以下は、8月17日に渋谷のクラブで行われたイベント、「UWAVAMU2000」のプレイ後のインタビューです。


[インタビュアー]──普段のジャズの演奏やクラシックとの共演しか知らない人は、こんなクラブイベントでのプレイもするのかというふうにびっくりする方もいますよね。しかも、今日の会場はホテル街の真ん中といういかがわしい場所だし。

 そうそう。すごいね!いやあびっくりした、何百軒あるんだろうね、これ。噂は知っていたけど、これほどとは思わなかった(笑)。
 クラブという所には自分から遊びに行くっていうことはないけど、演奏するのは今日が2回目かな。


──去年9月にも、DJとペインターの方との異種格闘技セッションやられたんですよね。

 ええ、このシリーズは、代官山の「三宿食堂」のシューさんという名物シェフが主催してくれているんですよ。
 ペインターの西村記人さんは、実は、古い友人で、四国に僕たちを呼んだ主催者だったんだけど、その時から、フリージャズのピアノ弾いたりする変な人で、その一派っていうのも皆面白好きだった。
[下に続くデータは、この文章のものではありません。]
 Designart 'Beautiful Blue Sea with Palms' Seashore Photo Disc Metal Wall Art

いつのまにか西村さんがこういう人になって、逆にこっちにお声がかかったっていうわけね。

 それでやってみたら、後味が非常に良かった。
 面白かったんですね。
 今どきはこういう変な場所があって、色々変なことが起きているんだなって知ったわけで、新鮮な体験だったので、方々で喋りまくったのよ。クラブで俺はやったぞ、あれは面白いぞなんて。
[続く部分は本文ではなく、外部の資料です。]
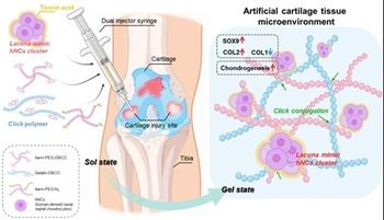(그림 설명 : 사람 유래 비중격 연골세포와 클릭 화학 기반 하이드로겔 이용한 연골의 라쿠나 구조를 모사한 연골 재생 기술 모식도)

 それは、こういうセッションが基本的に即興だっていうことね。何の打ち合わせもなしに一発勝負でやってる。
 何が起きるかわからないっていう、ジャズの原点みたいな とこがあったわけだよね。
 そこへ今年またって言われたので、よろこんで、来たんだけど、今年はさらにグレードアップしていて、鼓の大倉正之助さんはいるし、ドラムの、中村達也さんはいるしっていうんで、それで、全員でコレクティブ・インプロビゼーションに突入したわけね。


──今、およそ1時間、ほとんどフリーフォーム。これって最近では珍しいですよね。いかがでしたか。

 20年ぶりかな(笑)。もっとかもしれない。自分をもう掘り尽くして、その後でまだ中から何が出てくるかっていうのを久しぶりで味わったな。真剣勝負っていうやつね。


──20年ぶり?もっとじゃないですか。トリオ結成が69年、坂田明さん、森山威男さんとのトリオが75年までだから。でもあの頃でもテーマは一応あって終わりもあって・・・今日の演奏はそれよりもフリーフォームですよね。

 あ、詳しい(笑)。あの頃のは、頭と終わりにテーマがあって中はどうでもいいっていうやり方だけど、形式的には整っているよね。
 音楽的なことにも一応配慮するから、山あり谷あり、それぞれがソロになったりもするけど、今日は、あのドラムの若者なんか、もう一切休まないで叩きまくるから、全部つきあっちゃった。
 ま、時々は、弾かないでやり過ごすっていうこともしたけど(笑)。


──DJのプレイも、やはり楽器の共演と同じように聴いて、演奏されるんですか。

 そう、そのDJのプレイも楽器と同じだと受け止めるわけね。誰かがそこにいて、今ここだけで湧き上がるプレイをしていると思ってそれに反応するのね。


──お客さんに対してはどうですか?つまり、普段のジャズ・コンサートを聴きに来るお客さんとは客層がちがいますよね。

 あいつがこんなところで何やるんだって追っかけた人もいるかもしれないけど、やはり僕のピアノを初めて聴く人、つまりクラブイベントだから集まったっていう人がほとんどだよね。ほとんどの人が初めて聴くんだろうなっていう覚悟はしていた。

 皆、立ったまんまで、ピアノのすぐそばにきて覗き込んでるわけだよね。この状況っていうのは非常にスリリングで面白い。


──終わった後お客さんからすごい、「すごい!」とか「最高!」とか、みんな言ってましたけど。

 あ、それは嬉しい。ぜひ書き忘れないようにね(笑)。


──どうですか、今後もこういう、「異種格闘」クラブものがあればまた。

 やるでしょうねえ。もういいやっていう気持ちにはならないんですよ。

 その場かぎりの「エイヤーッ」って一本勝負は、昔、60年代によくやった絵描きや役者や詩人たちとのやりあいを思い出すんですよ。あの頃の「原点」を思いだすんですね。

 今日みたいなことをやると、自分のジャズの始まりもこういうことではなかったのかな、と再確認するよね。


──じゃあ、山下さんにとっては30年前の原点とか、あるいはジャズという音楽の原点みたいなのが、むしろ聴ける場ということでしょうか。

 それは、たしかにあると思うな。